EXERCISE BRIEF: Print, word for word, the opening line of the data below and every line after it through the line that contains "チャペル式:荘厳な大聖堂や自", but not the pictures.

EXTRACTED ENTRIES:
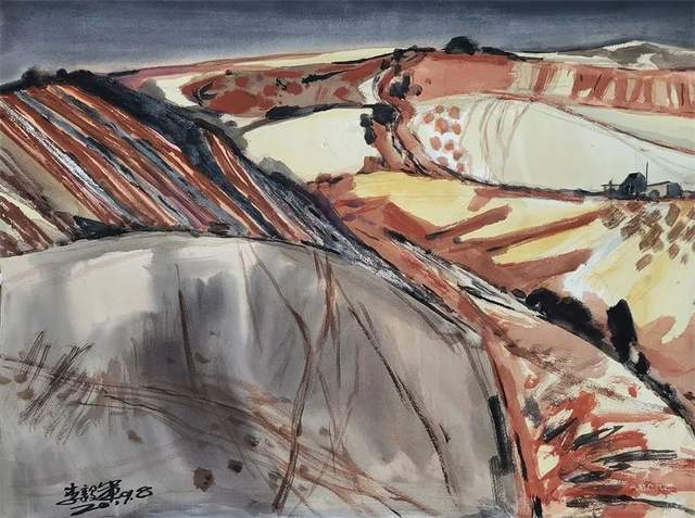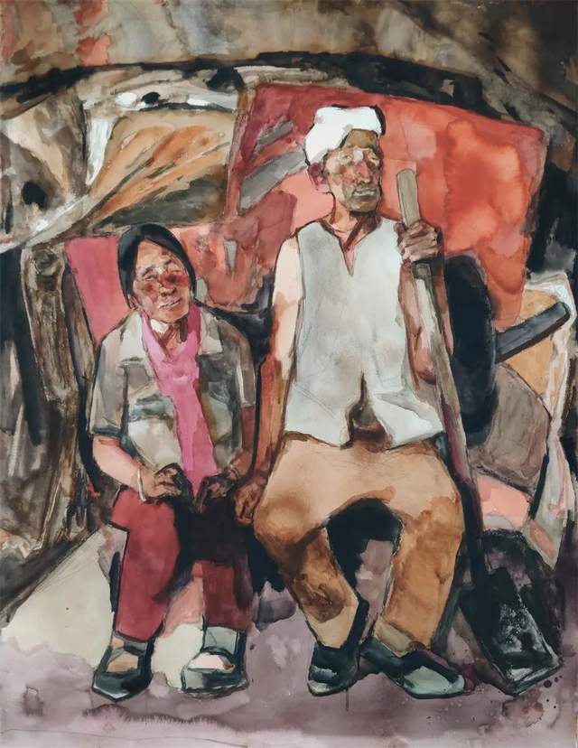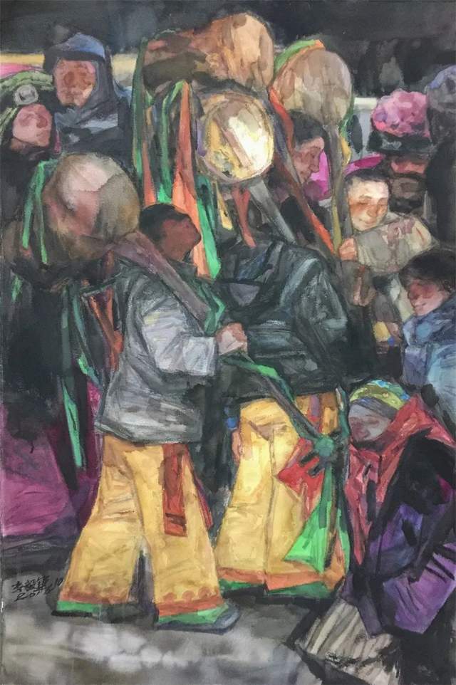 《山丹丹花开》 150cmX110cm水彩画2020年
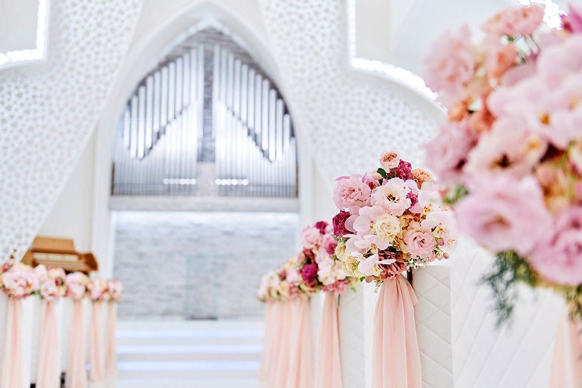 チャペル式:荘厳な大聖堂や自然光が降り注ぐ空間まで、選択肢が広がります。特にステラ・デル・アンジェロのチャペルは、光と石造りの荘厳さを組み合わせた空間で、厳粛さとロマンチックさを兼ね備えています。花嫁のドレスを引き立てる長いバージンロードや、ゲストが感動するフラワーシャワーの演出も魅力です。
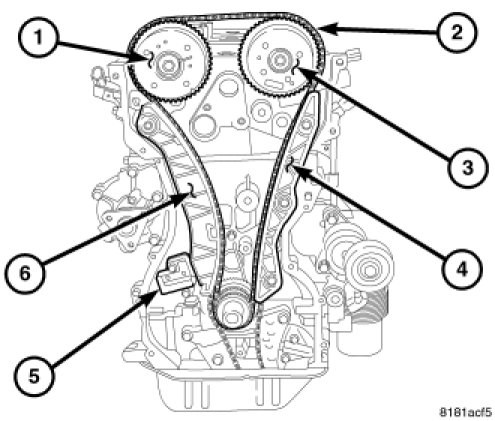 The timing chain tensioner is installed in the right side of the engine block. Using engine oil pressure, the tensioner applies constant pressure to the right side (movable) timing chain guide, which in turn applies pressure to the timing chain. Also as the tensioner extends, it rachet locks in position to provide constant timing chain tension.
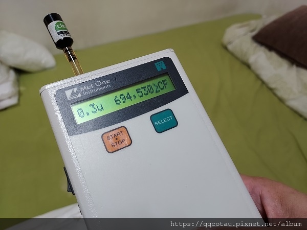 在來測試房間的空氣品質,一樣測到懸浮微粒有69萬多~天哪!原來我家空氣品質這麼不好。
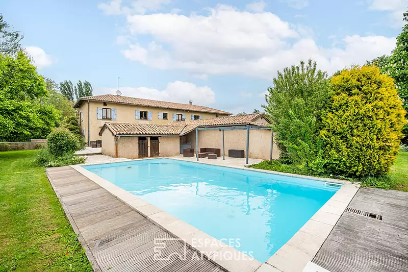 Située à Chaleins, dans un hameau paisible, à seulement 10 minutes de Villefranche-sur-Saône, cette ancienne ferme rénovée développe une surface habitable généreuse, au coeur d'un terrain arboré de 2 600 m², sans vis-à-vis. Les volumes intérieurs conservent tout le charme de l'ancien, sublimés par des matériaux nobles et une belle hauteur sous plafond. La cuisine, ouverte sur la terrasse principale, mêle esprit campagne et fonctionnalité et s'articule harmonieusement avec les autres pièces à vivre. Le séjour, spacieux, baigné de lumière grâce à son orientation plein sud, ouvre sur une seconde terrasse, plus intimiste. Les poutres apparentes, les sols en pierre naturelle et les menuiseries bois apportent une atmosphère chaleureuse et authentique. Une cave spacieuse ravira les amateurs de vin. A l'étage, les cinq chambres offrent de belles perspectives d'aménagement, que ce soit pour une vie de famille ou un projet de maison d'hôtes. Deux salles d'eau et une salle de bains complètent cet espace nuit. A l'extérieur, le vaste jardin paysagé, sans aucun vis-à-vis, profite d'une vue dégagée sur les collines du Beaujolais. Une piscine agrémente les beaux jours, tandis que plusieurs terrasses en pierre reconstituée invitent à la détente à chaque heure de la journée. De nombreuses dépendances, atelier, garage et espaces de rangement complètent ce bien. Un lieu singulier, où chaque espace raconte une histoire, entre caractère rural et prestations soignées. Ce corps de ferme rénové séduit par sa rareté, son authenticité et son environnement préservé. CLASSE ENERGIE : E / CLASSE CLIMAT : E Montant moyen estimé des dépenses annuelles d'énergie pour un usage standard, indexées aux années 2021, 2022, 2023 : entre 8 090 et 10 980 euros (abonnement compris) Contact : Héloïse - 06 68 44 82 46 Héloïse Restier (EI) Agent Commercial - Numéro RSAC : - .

WRITTEN RESPONSE:
 《山丹丹花开》 150cmX110cm水彩画2020年
 チャペル式:荘厳な大聖堂や自然光が降り注ぐ空間まで、選択肢が広がります。特にステラ・デル・アンジェロのチャペルは、光と石造りの荘厳さを組み合わせた空間で、厳粛さとロマンチックさを兼ね備えています。花嫁のドレスを引き立てる長いバージンロードや、ゲストが感動するフラワーシャワーの演出も魅力です。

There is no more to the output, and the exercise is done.